By Gabriela Baczynska and Marine Strauss
BRUSSELS (Reuters) - The European Union demanded "substantive" movement on Tuesday from Britain on fisheries, dispute settlement and guarantees of fair competition in their talks on a post-Brexit trade deal, with Germany saying they were at a "critical stage".
France said the 27-nation bloc must not yield on fishing rights, while Ireland - the EU member most exposed to any abrupt economic split at the end of the year - said Britain was running out of time to seal the terms of a deal.
Britain, the world's sixth-biggest economy, left the EU in January and has since been locked in painstaking talks with the world's largest trading bloc to keep trade flowing freely.
EU leaders hold a summit in Brussels on Thursday and Friday to assess progress, and British Prime Minister Boris Johnson has also said he wants to know by Oct. 15 if a deal can be reached.
The European affairs minister of Germany - current holder of the bloc's rotating presidency - said the EU was working hard for a deal but was ready if necessary to trade from 2021 without an accord.
"We are at a very critical stage in the negotiations and we are extremely under pressure," Michael Roth told his 26 fellow ministers. "In terms of substance we have not really made progress."
"We expect substantial progress by our friends in the United Kingdom in key areas: in particular on governance, 'level playing field' and fisheries."
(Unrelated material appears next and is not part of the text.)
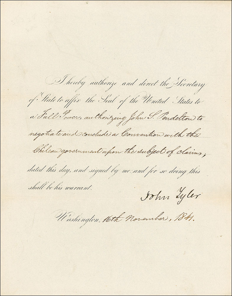Partly-printed DS as president, one page, 8 x 10, November 16, 1841. Tyler orders the Secretary of State to affix the "Seal of the United States to a Full power, authorizing John L. Pendleton to negotiate and conclude a Convention with the Chilean government upon the subject of claims." Neatly signed at the conclusion by Tyler. Document is archivally sleeved in acid-free Mylar. In fine condition.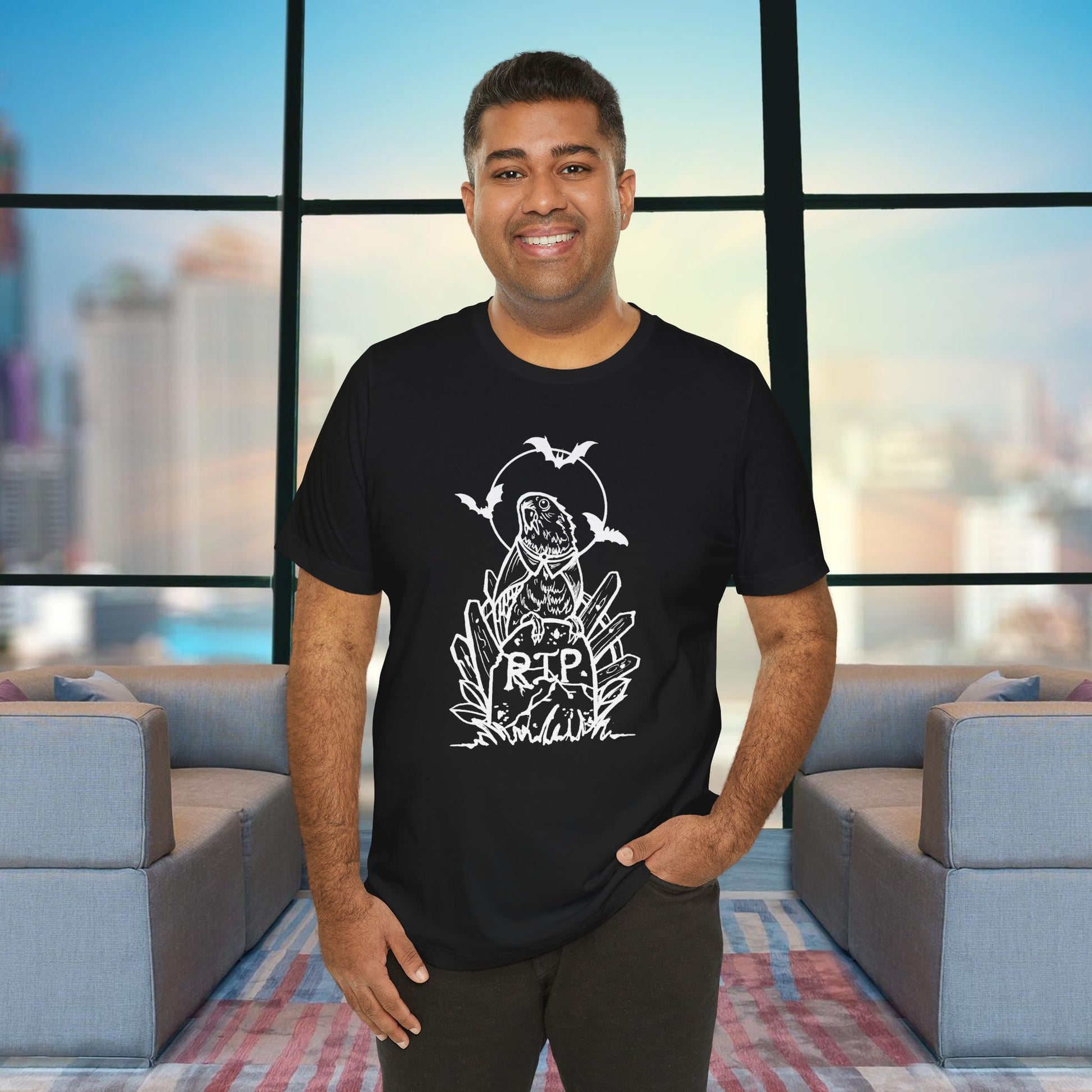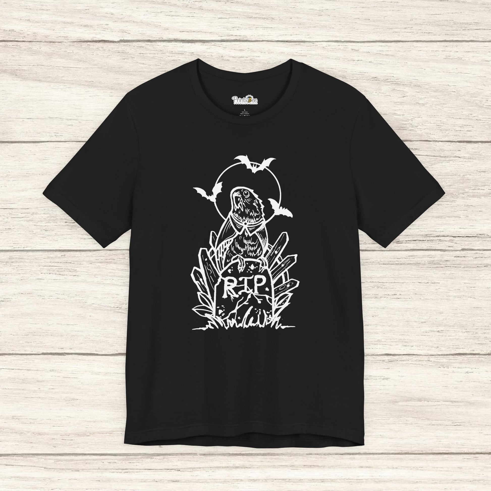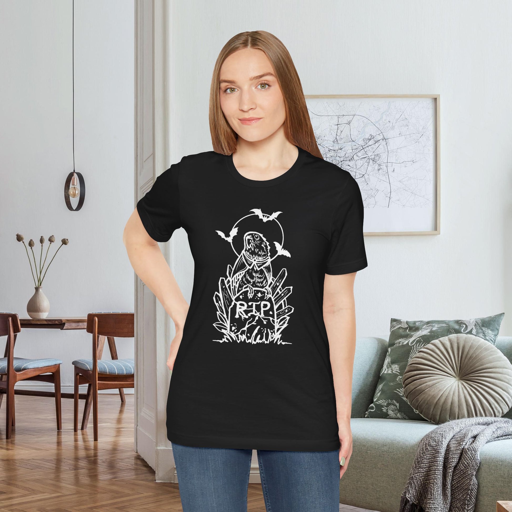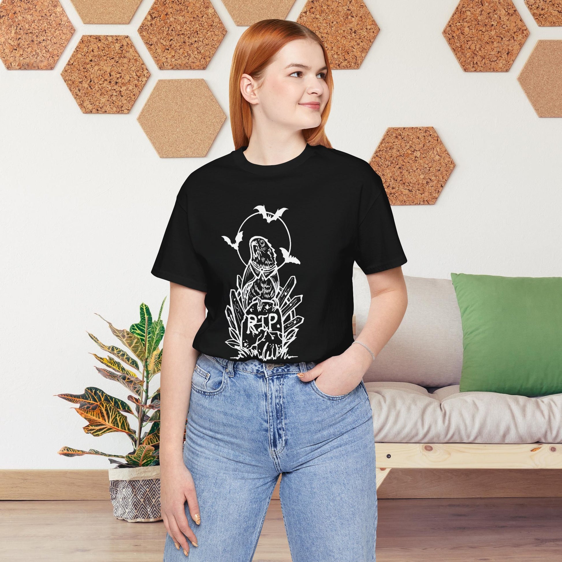 This t-shirt, featuring a vampire lovebird on a tombstone, will help you celebrate Halloween every year! Steve’s line art drawing perfectly captures a hand-drawn lovie evil, but cute vampire that you probably don't want to mess with. This soft shirt provides a comfortable and stylish way to express the connection you two have, making it a perfect addition to your wardrobe. Design © 2025 PrintiBee LLC.

Roth said the EU would step up contingency planning in case of failure in the negotiations on a new partnership - which is meant to cover many areas from trade to transport and nuclear ties - from Jan. 1, when London's post-Brexit standstill transition ends.
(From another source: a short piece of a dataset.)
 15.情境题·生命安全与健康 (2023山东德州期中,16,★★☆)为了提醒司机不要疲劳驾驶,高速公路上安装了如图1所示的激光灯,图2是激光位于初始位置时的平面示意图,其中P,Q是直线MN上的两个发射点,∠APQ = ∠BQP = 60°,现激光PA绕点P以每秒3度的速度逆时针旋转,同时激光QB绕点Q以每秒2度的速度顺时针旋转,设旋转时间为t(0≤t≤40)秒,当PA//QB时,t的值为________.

A trillion euros of annual trade are at stake.
Johnson's spokesman reiterated Britain's stance that it wants a deal "on the right terms": "... if we can't get there we are ready and willing to move forward with an Australian-style outcome which holds no fear."
The bulk of Australia's exports to the EU are subject to tariffs and quotas set under World Trade Organization terms.
LONG ROAD, LITTLE TIME
Johnson, a key face of the 2016 Brexit campaign, has spoken with French President Emmanuel Macron and German Chancellor Angela Merkel in recent days, and was due to speak on Wednesday with the head of the EU's executive, Ursula von der Leyen.
On Tuesday, Merkel said a deal was "in the interests of all" but also flagged the need to prepare for a no-deal outcome.
The EU's chief Brexit negotiator Michel Barnier has been downbeat in his assessment of progress, an EU diplomat said: "It is far from sufficient. 'Level playing field', fisheries and enforcement measures remain the key controversial issues."
France has shown little willingness to compromise over future access to fishing waters and sharing quotas, despite growing pressure from others in the EU to help unlock a deal.
French Europe Minister Clement Beaune said the EU must be "very firm" on its priorities, and that safeguards of fair competition were a must to access the EU's internal market of 450 million people without trade barriers.
Macron is expected to hammer home that message at the summit. But, with markets increasingly jittery, the EU leaders also appear certain to grant Britain time for more talks.
"The road ahead is still long and we have little time," said another EU diplomat.
The EU says a deal must be agreed this month to leave time for ratification by the European Parliament. However, EU diplomats told Reuters the bloc was gearing up to negotiate until mid-November to avoid being assigned blame for any fiasco.
"We will negotiate until the last minute," said Konrad Szymanski, European affairs minister of Poland, one of the EU states most keen to keep close ties with Britain.